# First Post on IM, Figured It Should Be a Start to a Journal



## fletcher6490 (Mar 23, 2005)

Hello everybody, I've been occasionally visiting these message boards for the last few months, hearing what you all have to say.  I figured I should probably get as many tips as I can to help me get the body I want.

So anyway, here's a little info about myself.

I've been doing the same routine since I was 15...I lift for around 3 months, quit for 9 then do it all over again.  Why you may ask?  I'm sure many of you members have the same problem, it's hard to keep the routine.  And once you stop for a month or so it basically sucks to get it going again, because you will be really sore and you will not be as strong as you were.

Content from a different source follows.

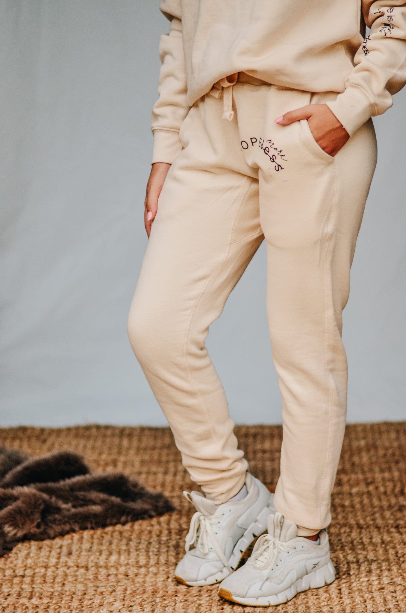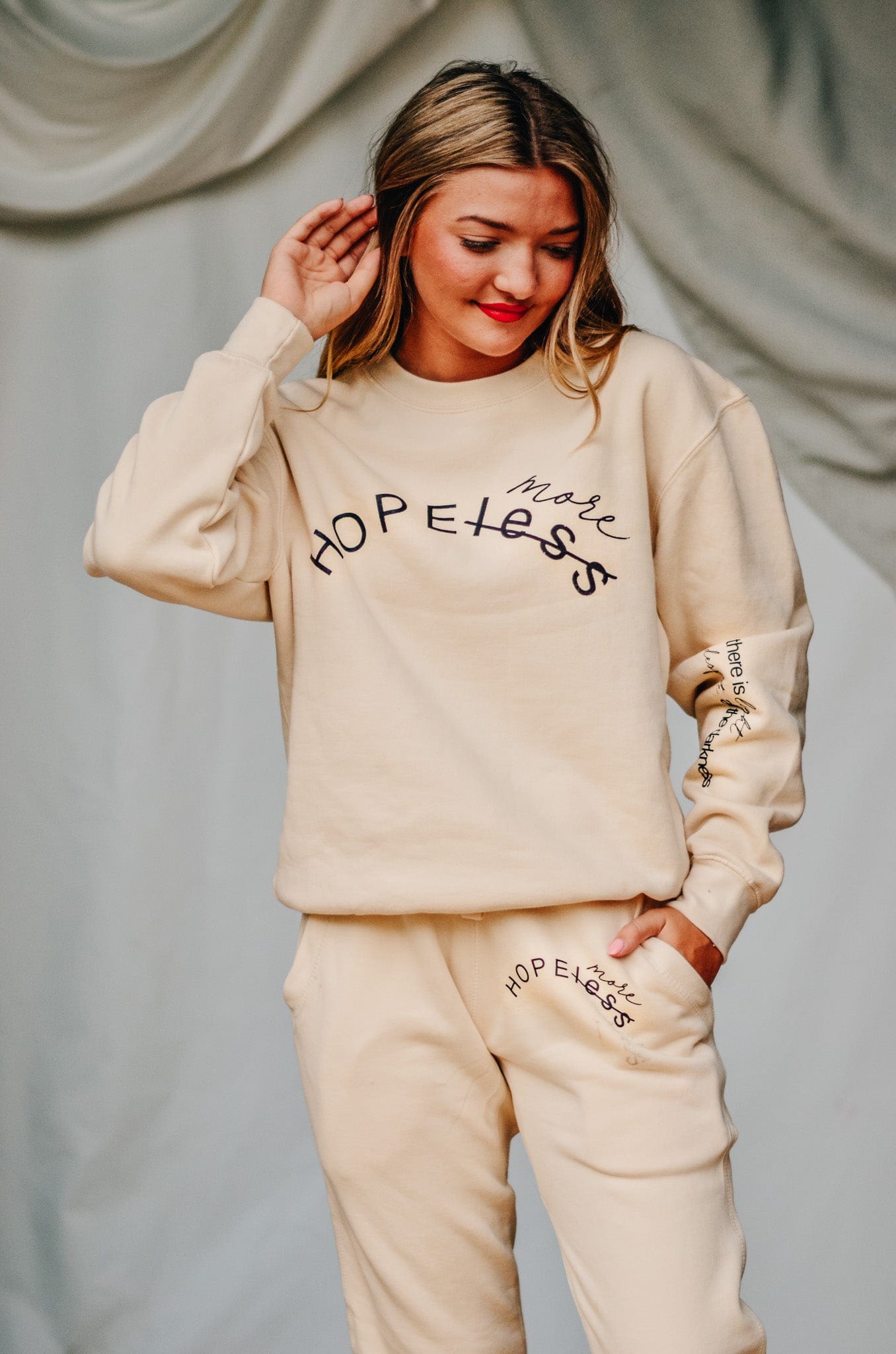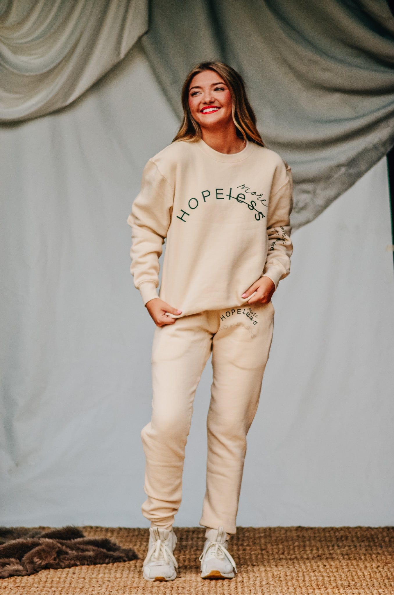 Your new favorite joggers with a message that matters. These relaxed-fit bottoms feature the same bold "hope more" twist on "hopeless," offering a boost of comfort and encouragement. Finished with an adjustable waistband and pockets for everyday wear.

Ultimately the goal is to keep a solid workout plan and diet forever, but that usually is impossible.

Well, I'm 22, 5'8", 140-150 lbs.
I've been working out for the past 7 weeks.
I only go 2 days a week, I'll explain...
Monday - Chest/Bi's      Wednesday - Back/Shoulders

...I don't do legs because I work at FedEx as a Package Handler(that alone is a pretty good workout), I'm too scared to get my legs all sore and have to run around during work...I know, I'm a pussy

Here is my normal workout:

Chest
BP - 
       10 reps /  135 lbs
        8  reps /  170 lbs
        6  reps /  195 lbs
       10 reps /  135 lbs

Incline BP -
       10 reps /  135 lbs
        8  reps /  155 lbs
        6  reps /  165 lbs
       10 reps /  135 lbs

Nautilus Incline BP machine - I don't know what the weights are
        10 reps
         8  reps
         6  reps

Nautilus Fly machine - same
        10 reps
         8  reps
         6  reps

3 sets of dips - usually 10, 10, 20


Biceps:

Preacher bench - 
        10 reps / 75 lbs
         8  reps / 85 lbs
         6  reps / 95 lbs

Then I mix up 3 other exercises x 3 reps...I definitely get a good pump.


The only supplements I take is 5 mg creatine after a workout and the occasional protein shake.

My diet is not perfect, but it isn't so bad...I eat a lot of tuna fish, eggs, cottage cheese and meet.  I also try to stay away from fast food, but sometimes you give in.

I will get to my back and shoulder workout in another post...I would like to get some feedback from some members.

Here are some pics of where I'm at now

Thank You


----------



## klmclean (Mar 23, 2005)

Welcome


----------



## fletcher6490 (Mar 23, 2005)

thank you Klmclean.

going by my pics, routine or diet.  Are there any suggestions you may have that would aid me


----------



## Yunier (Mar 23, 2005)

Ah, hey there...welcome man!


----------



## GoalGetter (Mar 23, 2005)

Hey FLetch! Welcome to IM! Great first post, and good initiative starting a journal from the get-go!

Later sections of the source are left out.